## Collected data
_ _ _ _ _

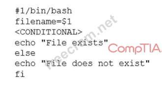 A user is asking the systems administrator for assistance with writing a script to verify whether a file exists. Given the following: Which of the following commands should replace the <CONDITIONAL> string?
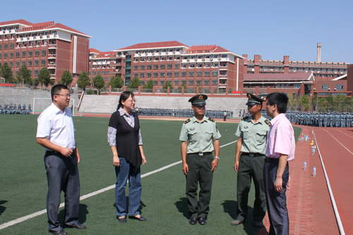 9月19日上午,机械公司党总支书记薛炜华、副书记李国涛、辅导员化磊、王中帅前往新校区操场亲切慰问正在训练的全体教官,并看望了正在军训的2012级新生。
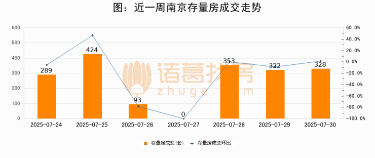 从存量房来看,2025年07月30日南京存量房单日成交328套,比昨日增加6套,环比上涨1.9%。从近一周存量房成交来看,南京存量房日均成交套数为258套,07月30日单日成交328套,高于近一周平均水平27.1%。
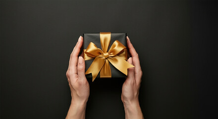 First person top view photo of hand giving black giftbox with golden satin ribbon bow on isolated black background with empty space
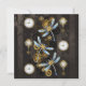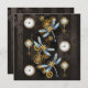 Antique dials and keys with gold and brass gears, decorated with mechanical, steampunk dragonflies on brown, striped background.

_ _ _ _ _

## PROBLEM
Each line from the first line of the data above through the one containing "从存量房来看,2025年07" must be set down exactly; the pictures must not be.

## RESPONSE BELOW
 A user is asking the systems administrator for assistance with writing a script to verify whether a file exists. Given the following: Which of the following commands should replace the <CONDITIONAL> string?
 9月19日上午,机械公司党总支书记薛炜华、副书记李国涛、辅导员化磊、王中帅前往新校区操场亲切慰问正在训练的全体教官,并看望了正在军训的2012级新生。
 从存量房来看,2025年07月30日南京存量房单日成交328套,比昨日增加6套,环比上涨1.9%。从近一周存量房成交来看,南京存量房日均成交套数为258套,07月30日单日成交328套,高于近一周平均水平27.1%。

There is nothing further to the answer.